That’s how much production the Cardinals got out of the second-half savior of their starting rotation in his return to action on Saturday.
Steven Matz looked pretty good. He K’d 7. He only walked 1. He did give up 2 runs. It was tracking toward the kind of start the Cards expected from him when they signed him to a 4/$44M contract in the offseason. It was the kind of start they will need from him to make a second-half run to reclaim the tight NL Central.
One infield chopper by Joey Votto and an awkward attempt to make a defensive play, and that’s it.
Matz had an MRI on Sunday, revealing a tear in his MCL. It’s expected to keep him out for at least several weeks. One report has him out for as much as 4-6 weeks.

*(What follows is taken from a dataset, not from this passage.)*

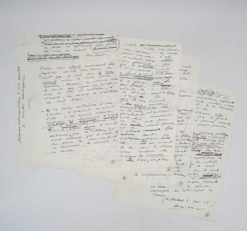 Manuscrit autographe signé en deux parties. Le texte s'ouvre une citation de Rimbaud, partiellement biffée "La Poésie ne rythmera plus l'action. Elle sera en avant." (extraite de la Lettre du voyant) qui est le point de départ de cet essai philosophique sur la nature de la poésie. Il est composé des réponses faites au philosophe allemand et ami de longue date de René Char, Martin Heidegger. Il comporte de nombreuses corrections et ajouts autographes. La seconde partie débute sur une citation de Céline : "Notre vie est un voyage / Dans l'hiver et dans la nuit / Nous cherchons notre passage / Dans le ciel où rien ne luit." (extraite du Voyage au bout de la nuit). Elle est consacrée à Rimbaud et sa vision de la poésie. Les deux textes ont paru dans À la recherche de la base et du sommet en 1955, soit onze ans auparavant le présent manuscrit qui est donc une copie ultérieure. Le texte a été repris pour paraître dans dans la Nouvelle Revue française du 1er décembre 1966 sous le titre En Compagnie. Il comporte de longs passages qui ne furent finalement pas publiés par la revue littéraire. Fortier, Anne-Marie. « Chapitre 5. Lombre sur la rive ». René Char et la métaphore Rimbaud, Presses de lUniversité de Montréal, 1999 [en ligne]. * Membre du SLAM et de la LILA / ILAB Member. La librairie est ouverte du lundi au vendredi de 14h à 19h. Merci de nous prévenir avant de passer,certains de nos livres étant entreposés dans une réserve.

Either way, his injury removes him from the Cardinals’ rotation beyond the trade deadline and forces John Mozeliak and the Cardinals into a position they likely wanted to avoid.
They either have to trust someone they don’t seem to want to trust with the 5th rotation spot. Or they have to make a trade (and the sooner the better.)
The Cardinals entered the season with a pretty obvious philosophical approach to constructing a rotation: gather as many marginal starters as possible so you always have someone to go to when a player gets hurt.
It makes sense. In a vacuum. Or on an analytics spreadsheet.
(Hey, I’m not throwing shade here. I’m one of those analytics guys and you’ve seen the number of spreadsheets I’ve used in many of these analysis articles.)
Let’s just stop for a minute a do a little roster math in that regard. Let’s take a loose definition of a starter, calling them “a pitcher who came into Spring Training stretched out to throw multiple innings and had a shot – however remote – at the rotation at some point.”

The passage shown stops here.